Data excerpt:
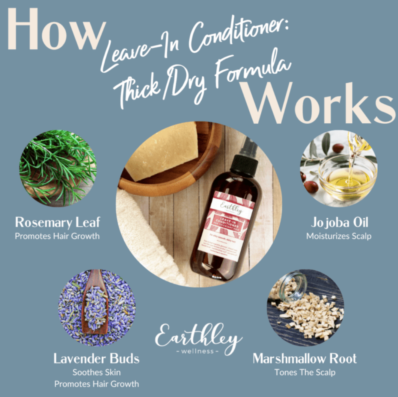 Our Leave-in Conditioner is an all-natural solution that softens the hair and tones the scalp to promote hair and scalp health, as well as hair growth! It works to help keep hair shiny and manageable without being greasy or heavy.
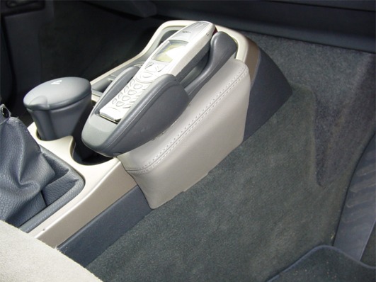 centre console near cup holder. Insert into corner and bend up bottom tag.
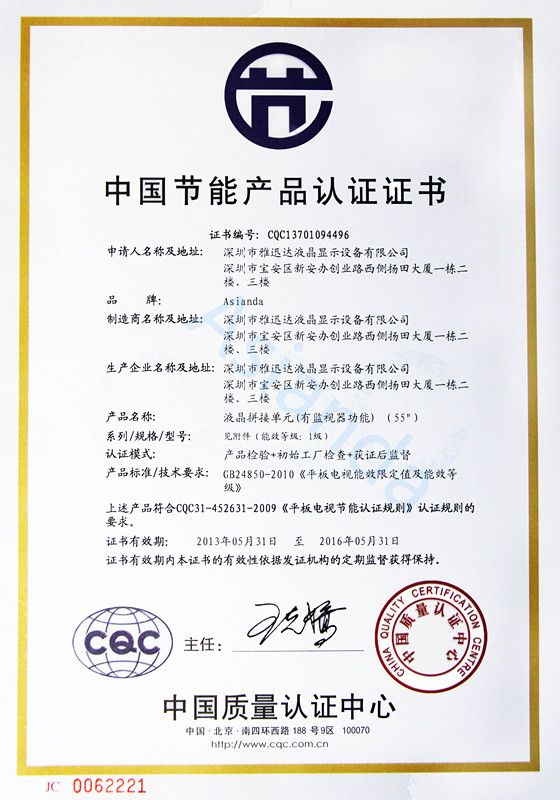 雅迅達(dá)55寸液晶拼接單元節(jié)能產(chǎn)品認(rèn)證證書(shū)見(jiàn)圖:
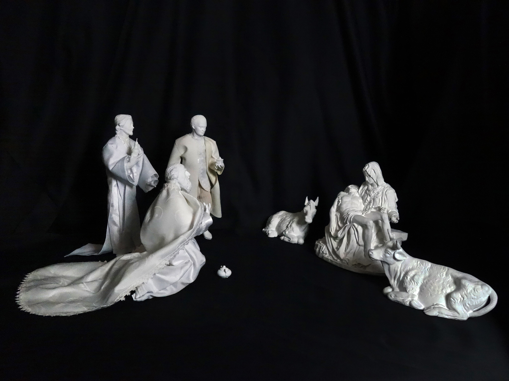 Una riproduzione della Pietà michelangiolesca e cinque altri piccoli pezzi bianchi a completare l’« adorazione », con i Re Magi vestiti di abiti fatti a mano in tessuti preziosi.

Aim of the task:
Each line from the one containing "centre console near" through the last line of the listing must be copied exactly, and the pictures must not be.

Task answer:
 centre console near cup holder. Insert into corner and bend up bottom tag.
 雅迅達(dá)55寸液晶拼接單元節(jié)能產(chǎn)品認(rèn)證證書(shū)見(jiàn)圖:
 Una riproduzione della Pietà michelangiolesca e cinque altri piccoli pezzi bianchi a completare l’« adorazione », con i Re Magi vestiti di abiti fatti a mano in tessuti preziosi.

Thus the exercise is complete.